[[ Data segment, beginning ]]
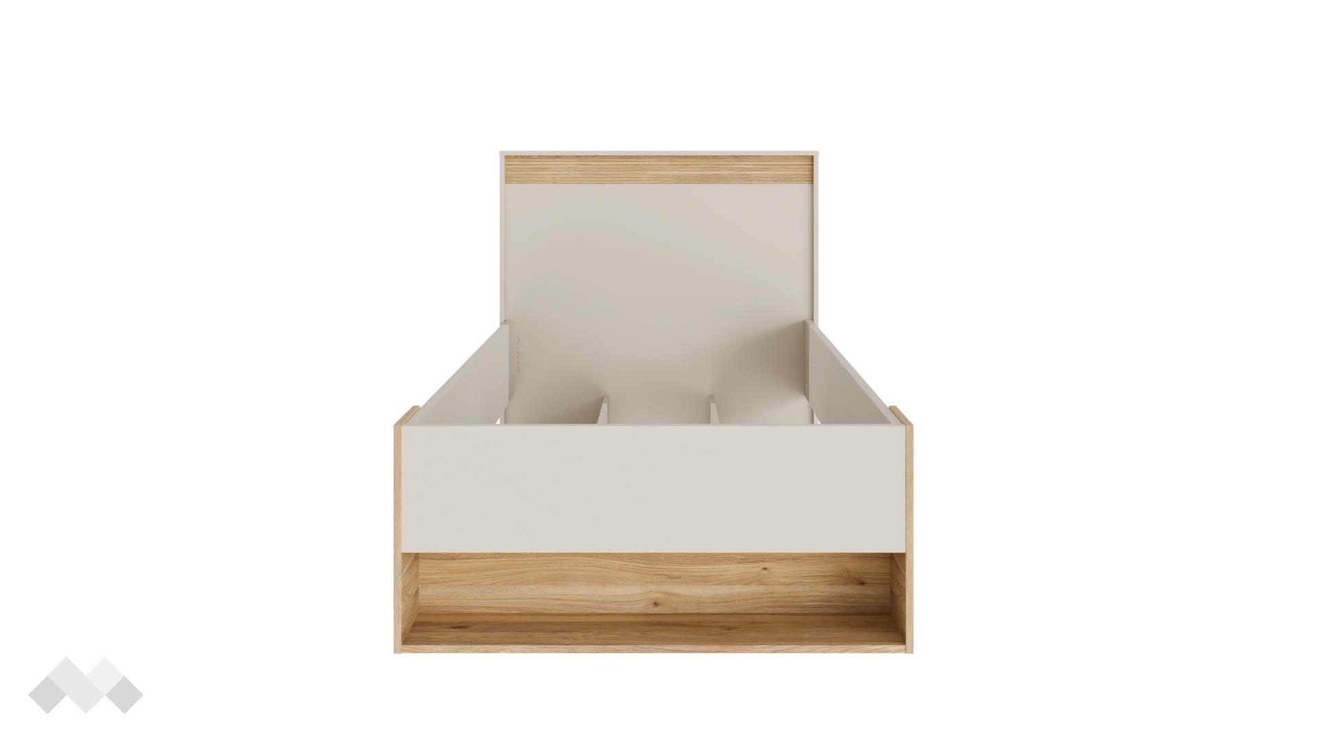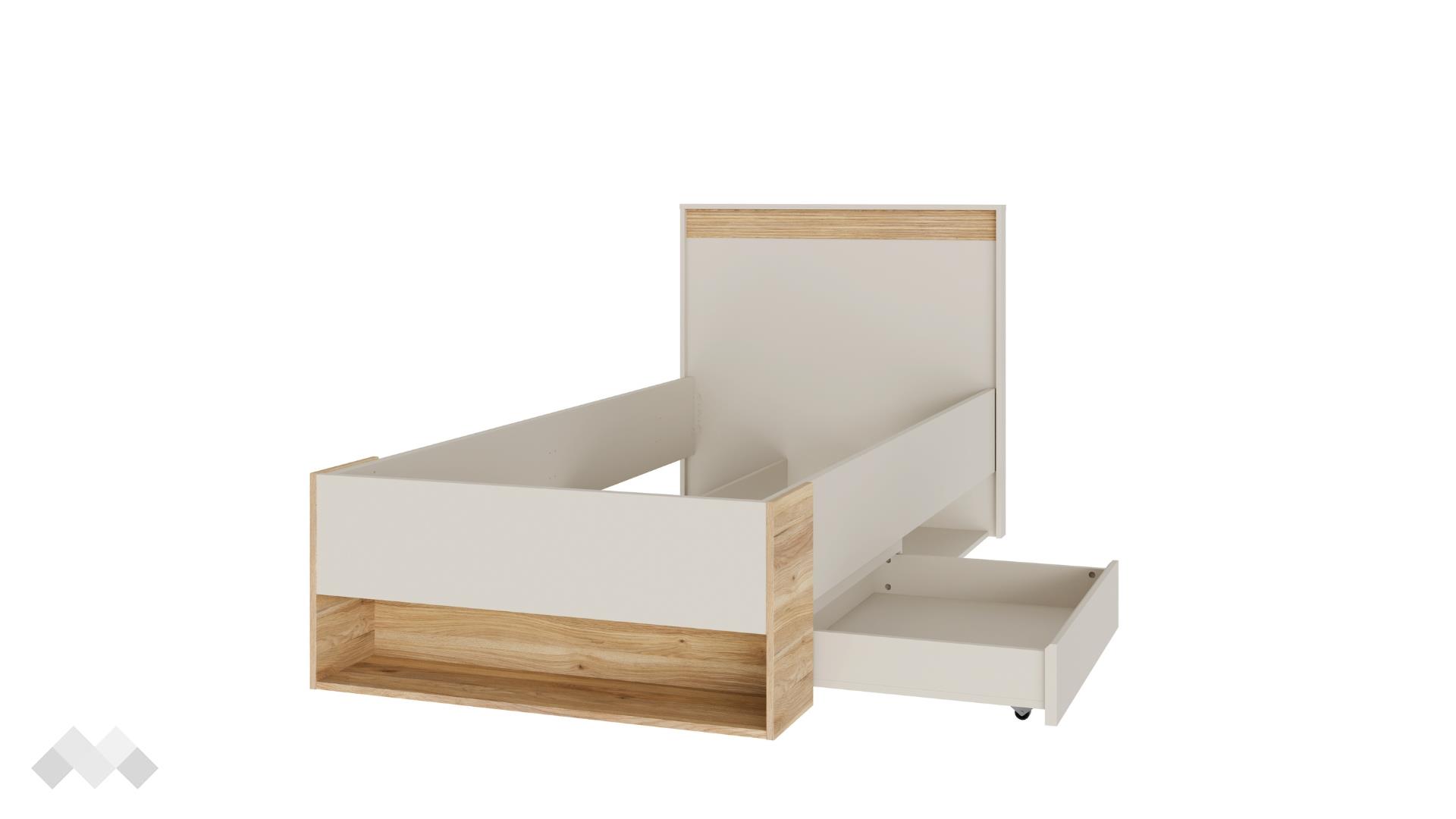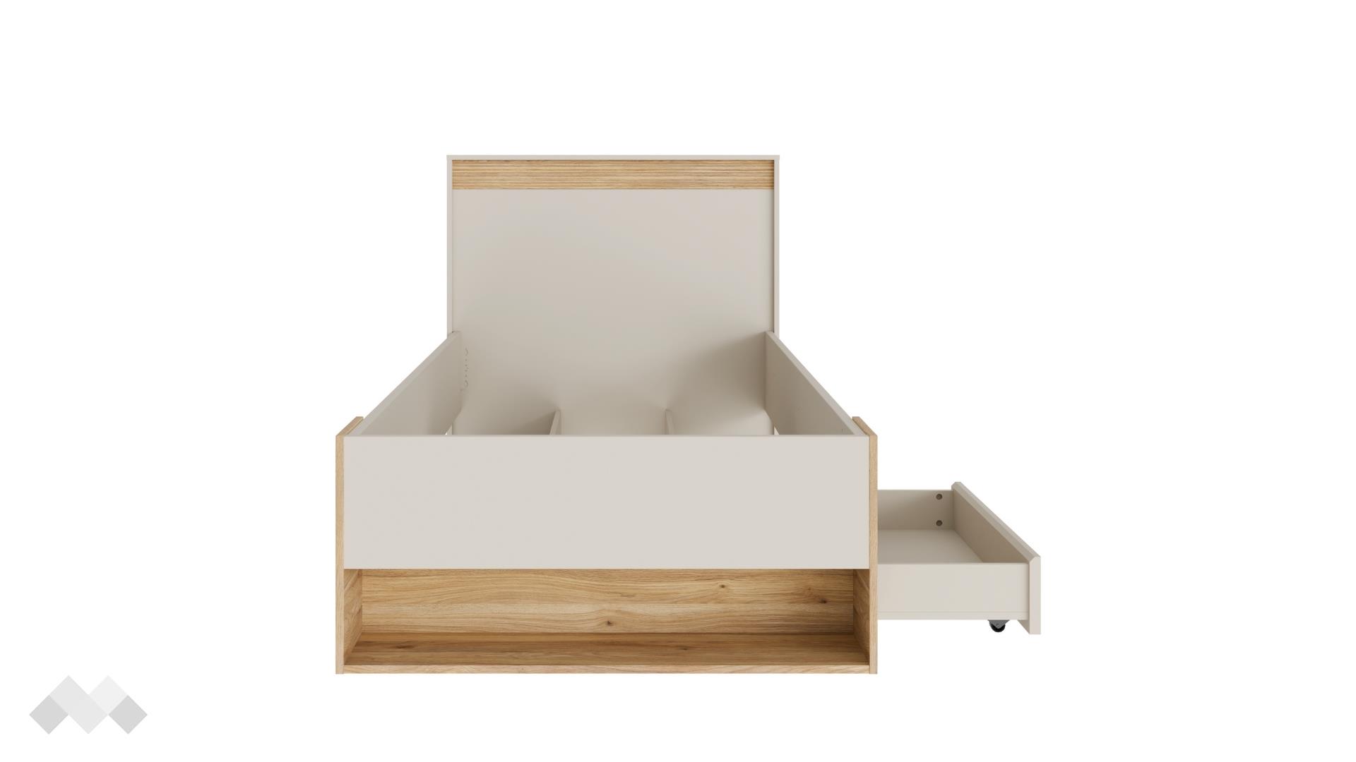 Леглото е проектирано за еднолицев матрак с размер 90/200 см, осигурявайки комфорт и удобство за сън. Едно от основните предимства на модела е вграденото чекмедже под матрака, което предоставя изключително удобно и дискретно място за съхранение на спално бельо, играчки, книги или други вещи, оптимизирайки пространството в стаята. Чекмеджето е снабдено с пуш механизъм, осигуряващ леко и безшумно отваряне и затваряне с едно натискане, което допринася за изчистения дизайн без дръжки.
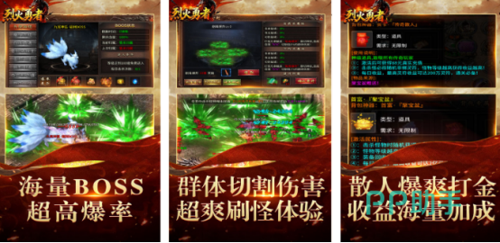 复古的传奇打金玩法,以及高爆率的核心要素全部呈现出来,还有经典的三大不同职业,任由大家随意挑选,这些职业都有独特的技能体系,让大家感受到原汁原味的职业体系。刚开始大家只是孤身一人,没有特别炫酷的武器类型或者是终极装备,但是都可通过击败怪物的方式轻松获得,就算是小怪物也有机会获得顶级的神装。还可加入到9层妖塔或者是世界boss挑战等不同玩法中。
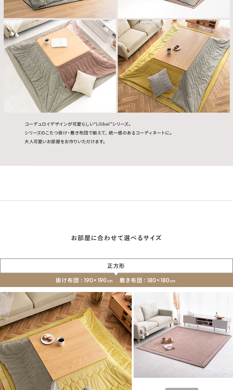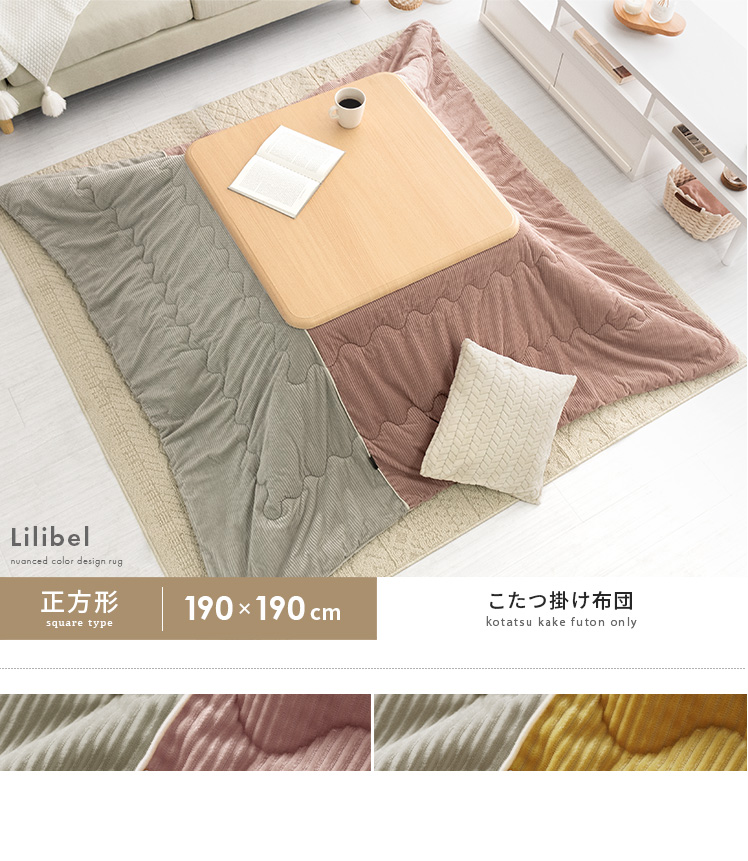 薄掛けこたつ布団 Lilibel〔リリベル〕 190×190cm 正方形タイプ/うっとり幸せな触り心地のフランネル素材を使用したコーデュロイ柄の薄掛けこたつ布団。くすみカラーを合わせた大人可愛いデザインで、落ち着きと遊び心のある空間をお作りいただけます。軽量&乾きやすい設計で、ご自宅でのお洗濯を手軽に♪毛足が短く髪の毛やゴミが奥に詰まりにくいため、日々のお手入れも楽に行っていただけます。大人可愛いデザインのふんわり気持ちの良い薄掛けこたつ布団で、至福のくつろぎ時間をお過ごしください。
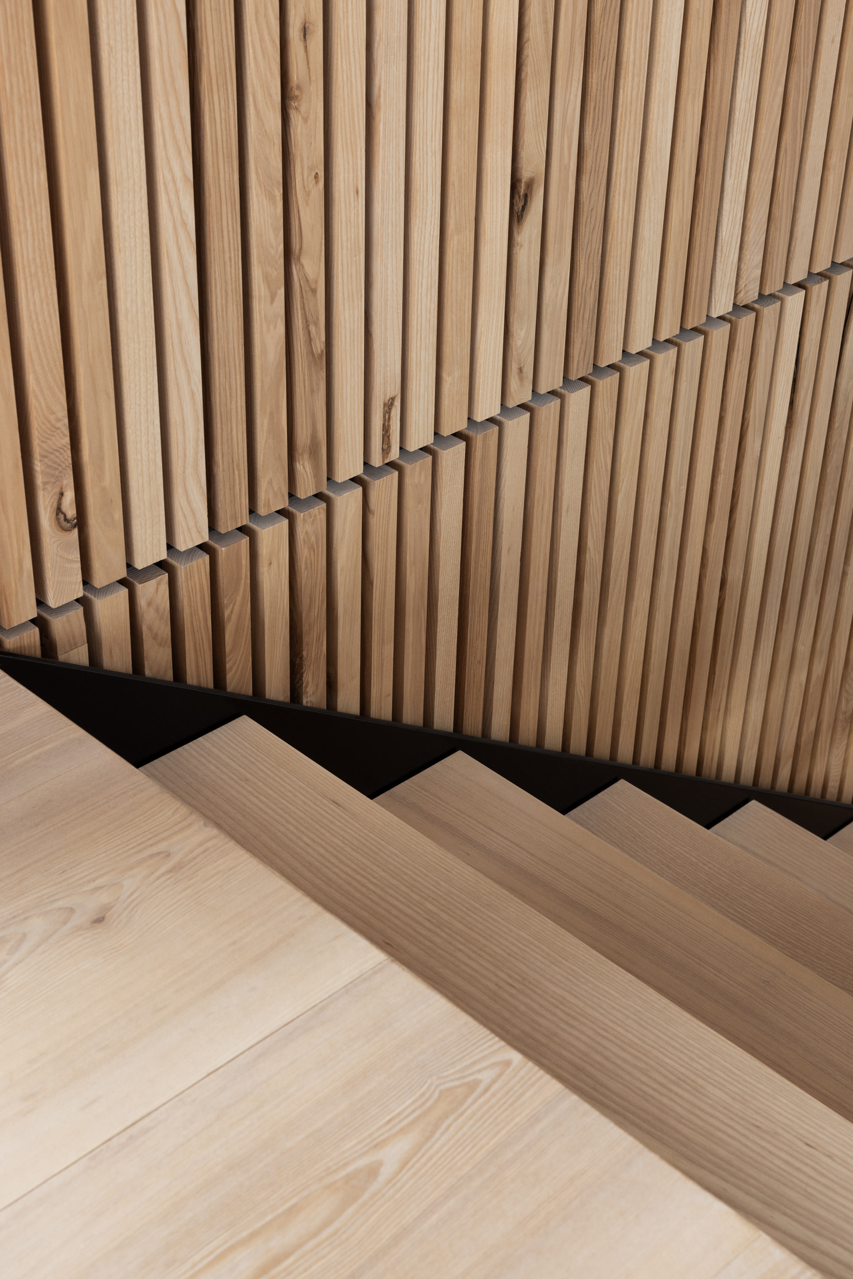 Dinesen Ash, with its light, elegant tones and striking grain patterns, was fitting to reflect the villa’s Scandinavian roots and its connection to the surrounding landscape.
[[ Data segment, end ]]
The problem >> Repeat all of the material above exactly, leaving out pictures.

Response area >>
 Леглото е проектирано за еднолицев матрак с размер 90/200 см, осигурявайки комфорт и удобство за сън. Едно от основните предимства на модела е вграденото чекмедже под матрака, което предоставя изключително удобно и дискретно място за съхранение на спално бельо, играчки, книги или други вещи, оптимизирайки пространството в стаята. Чекмеджето е снабдено с пуш механизъм, осигуряващ леко и безшумно отваряне и затваряне с едно натискане, което допринася за изчистения дизайн без дръжки.
 复古的传奇打金玩法,以及高爆率的核心要素全部呈现出来,还有经典的三大不同职业,任由大家随意挑选,这些职业都有独特的技能体系,让大家感受到原汁原味的职业体系。刚开始大家只是孤身一人,没有特别炫酷的武器类型或者是终极装备,但是都可通过击败怪物的方式轻松获得,就算是小怪物也有机会获得顶级的神装。还可加入到9层妖塔或者是世界boss挑战等不同玩法中。
 薄掛けこたつ布団 Lilibel〔リリベル〕 190×190cm 正方形タイプ/うっとり幸せな触り心地のフランネル素材を使用したコーデュロイ柄の薄掛けこたつ布団。くすみカラーを合わせた大人可愛いデザインで、落ち着きと遊び心のある空間をお作りいただけます。軽量&乾きやすい設計で、ご自宅でのお洗濯を手軽に♪毛足が短く髪の毛やゴミが奥に詰まりにくいため、日々のお手入れも楽に行っていただけます。大人可愛いデザインのふんわり気持ちの良い薄掛けこたつ布団で、至福のくつろぎ時間をお過ごしください。
 Dinesen Ash, with its light, elegant tones and striking grain patterns, was fitting to reflect the villa’s Scandinavian roots and its connection to the surrounding landscape.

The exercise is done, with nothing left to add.